Hacker News
The hackeRnews package was created in order to simplify
the process of getting data from Hacker News. Hacker News is
a user-generated content website that focuses on stories related to
computer science. The website is composed of user submitted stories
where each one provides a link to the original data source. Moreover,
users have the ability to upvote a story if they have found it
interesting. Each story contains a comment section which allows users to
discuss about the presented subject. Besides news stories Hacker News
contains the following sections:
- ‘Ask’ section where users can ask questions to the Hacker News community
- ‘Show’ section where users can share something that they have created
- ‘Jobs’ section where users can browse job offers
Hacker News API
The Hacker News API official documentation can be found here. The API serves data
in JSON format. The hackeRnews package allows the retrieve
this data in form of convenient R objects. Each object (story, comment,
…) has a unique id and can be retrieved using this id. The API also
provides a way to fetch up to 500 top and new stories, latest best
stories, ask stories, show stories and job stories.
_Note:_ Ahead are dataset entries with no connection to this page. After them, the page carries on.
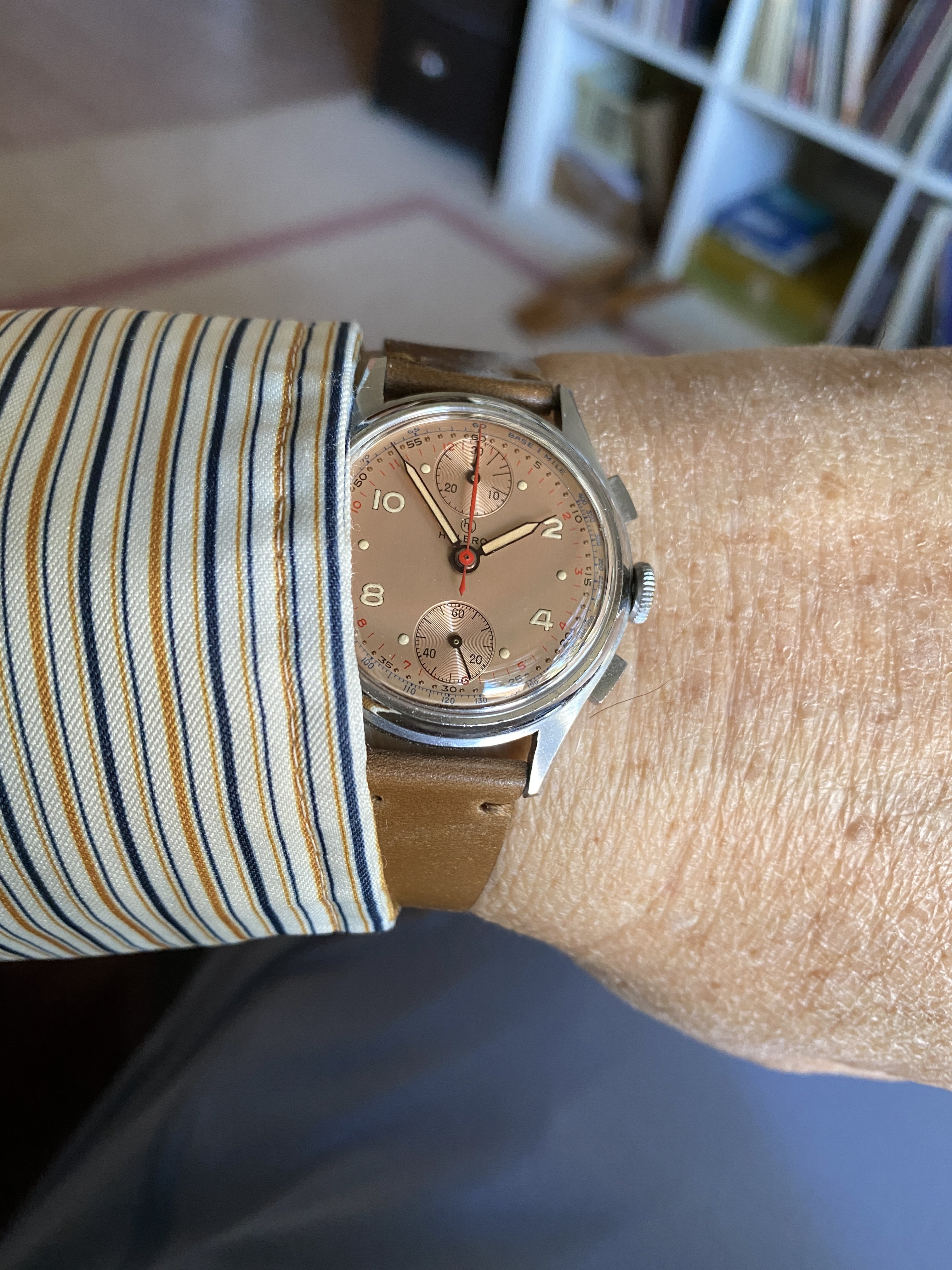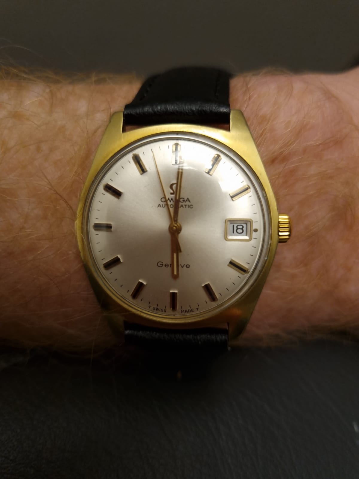 Beautiful Geneve. The early cursive Geneves are some of my favoritre Omega watches. Classic, beautiful designs. It's really a shame that Omega transitioned the Geneve to an entry level model and then abandoned it altogether. It's a lot easier to find a vintage pie pan Constellation in good shape than it is to find a 1950's Geneve in similar condition.
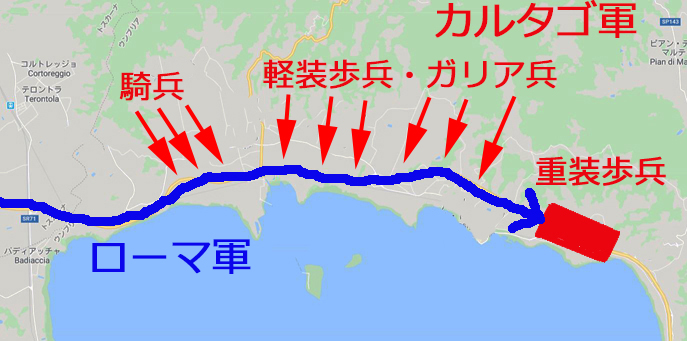 東に向かおうとするローマ軍の頭を押さえてブロックします。
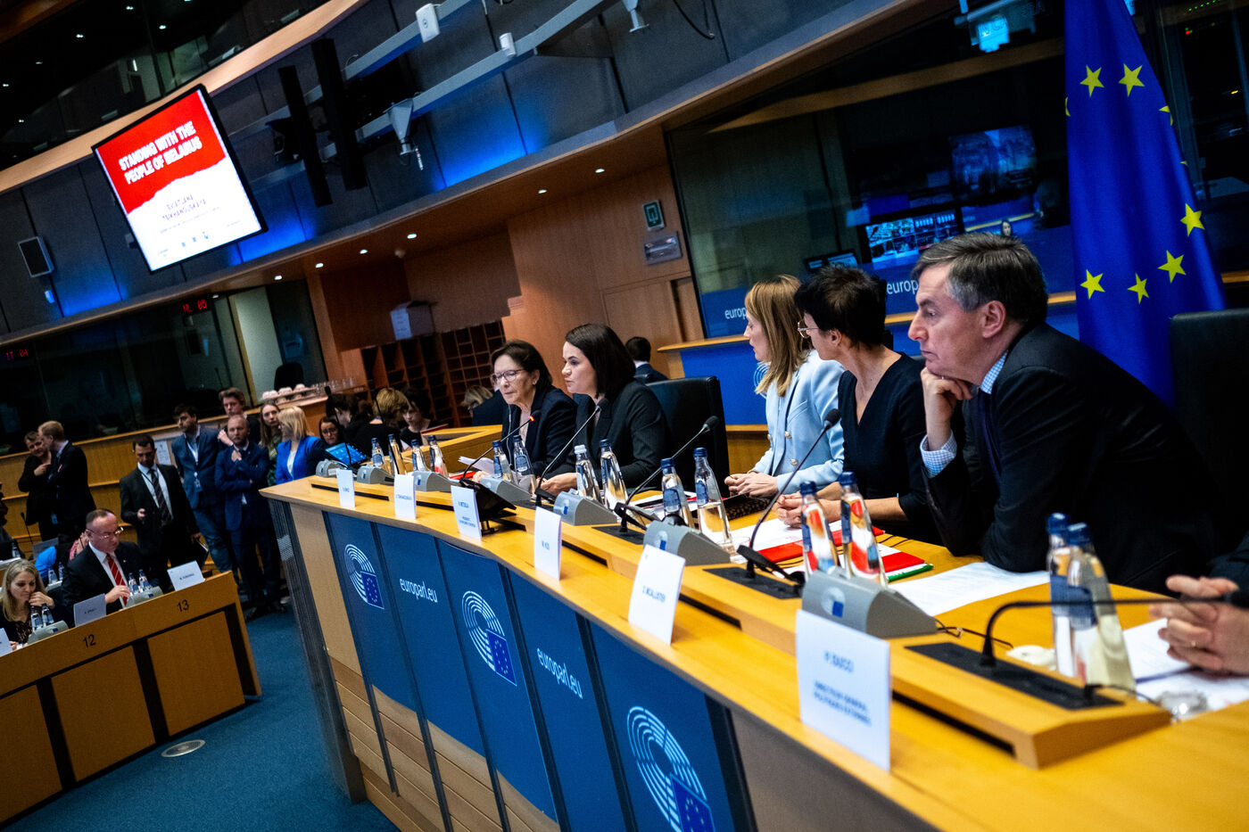Conférence de haut niveau sur la Biélorussie intitulée "Se tenir aux côtés du peuple bélarusse" au Parlement Européen à Bruxelles avec la Présidente du Parlement Européen Roberta Metsola, la Commissaire européenne à l'Elargissement et à la Politique de voisinage Marta Kos et la Présidente du Conseil de coordination pour la Biélorussie Svetlana Tikhanovskaïa.
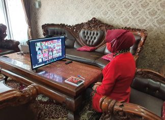 Ketua DPC PDI Perjuangan Kab. Grobogan Hj. Sri Sumarni mengikuti rapat virtual
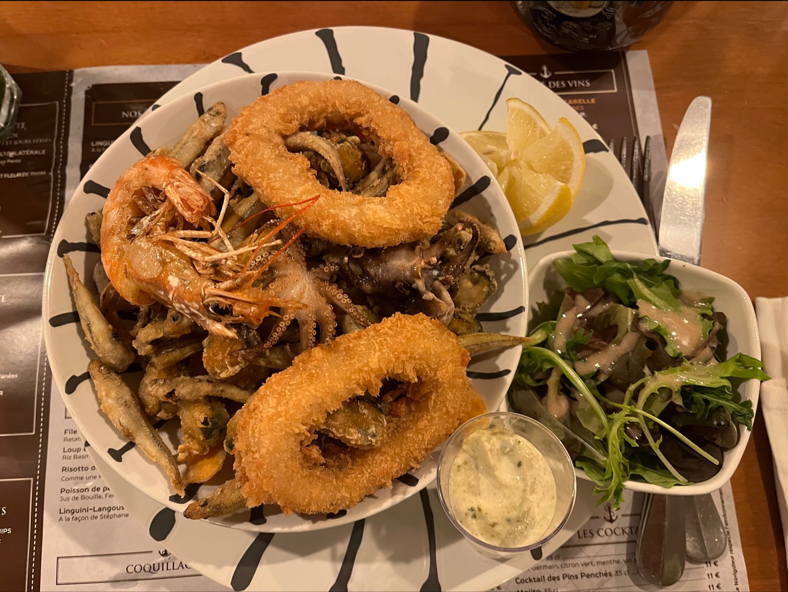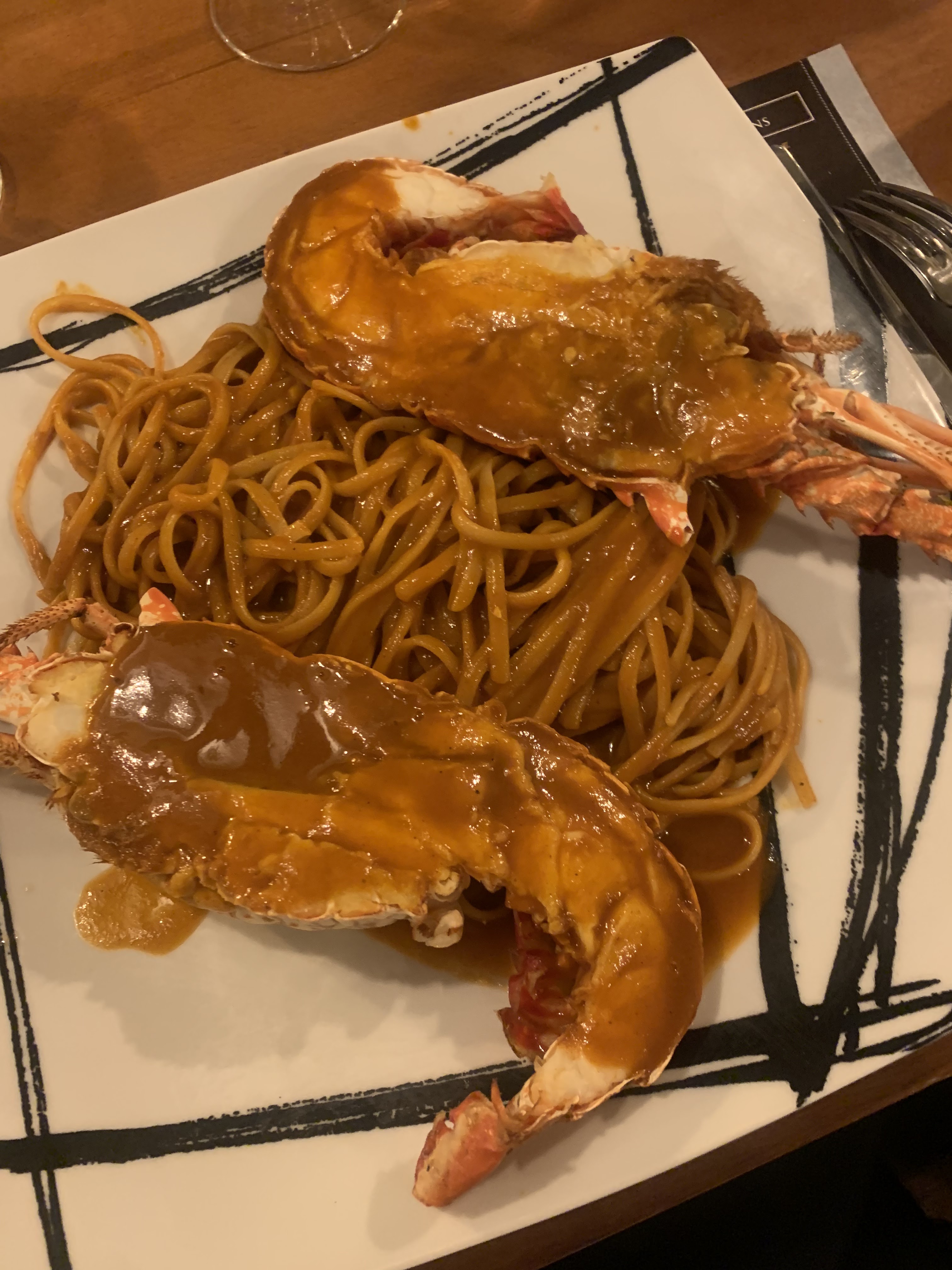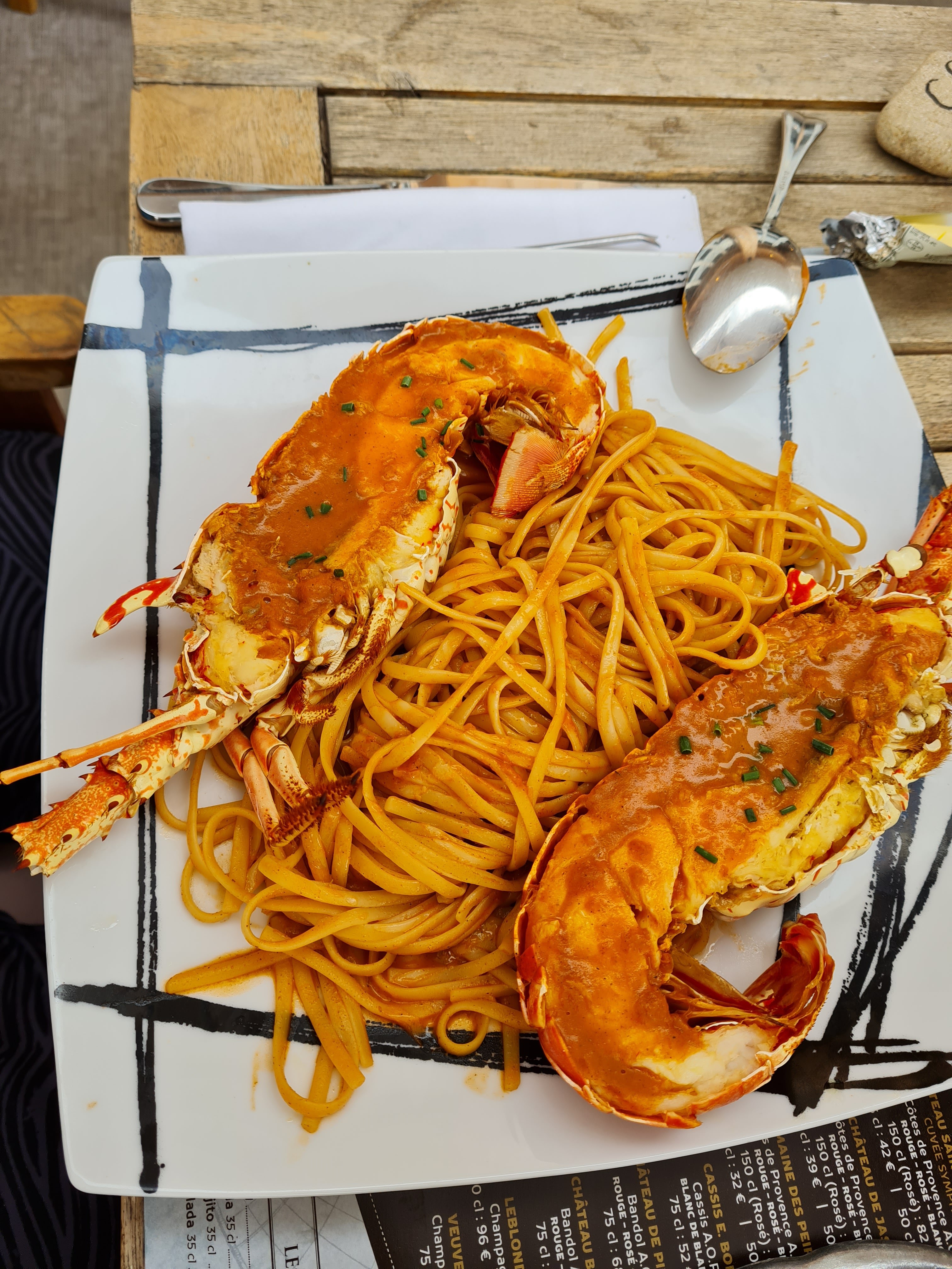 On nous a offert les pâtes aux langoustes et j avoue que nous nous sommes régalé, très bon menu avec un apero et une bouteille de vin très bon aussi .enfin voilà! nous sommes d ici et chaque fois que l on va ,nous sommes tres content.
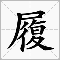 (会意。小篆字,从尸,即人;从彳(chì),表示与行走有关。履在战国以前一般只作动词用。一般用“屦”称鞋子。用“鞋”是唐以后的事了。本义:践踏)
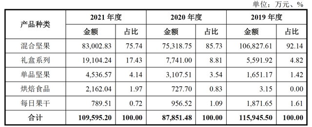 沃隆食品十分依赖混合坚果。据招股书显示,2019年至2021年,沃隆食品混合坚果销售收入占总收入的92.14%、85.73%、75.74%,虽收入占比逐年下滑,但仍为沃隆食品核心收入来源。
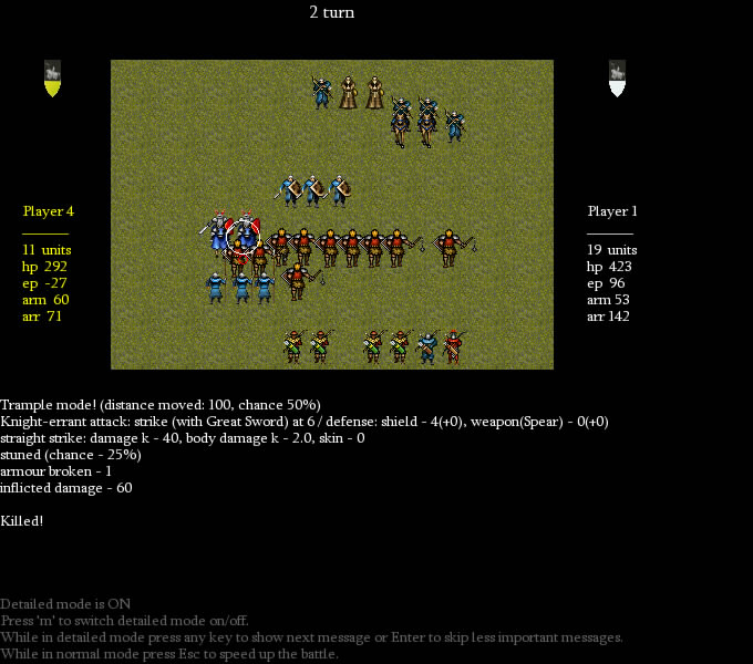 Deadly strike by my heroic swordsman. He slayed a knight moments ago and now brings down that pesky horseman.

Examples of using the hackeRnews package to retrieve
data from the official Hacker News API are presented below:
hackeRnews usage
news stories
To fetch best/new/top stories the user can use the
get_*_stories function. Each function takes one optional
argument max_items that limits the number of returned
stories.
For example to fetch the top 5 best stories:
best_stories <- get_best_stories(max_items = 5)
best_stories[[1]]
#> List of 9
#> $ by : chr "smnrg"
#> $ descendants: int 1353
#> $ id : int 43595269
#> $ kids : int [1:267] 43596485 43600039 43595394 43596326 43596158 43595524 43599675 43596393 43601623 43595404 ...
#> $ score : int 1895
#> $ time : POSIXct[1:1], format: "2025-04-05 17:57:46"
#> $ title : chr "What if we made advertising illegal?"
#> $ type : chr "story"
#> $ url : chr "https://simone.org/advertising/"
#> - attr(*, "class")= chr "hn_item"There is a method that allows to fetch just raw ids of best/new/top
stories as well get_*_stories_ids()
best_stories_ids <- get_best_stories_ids()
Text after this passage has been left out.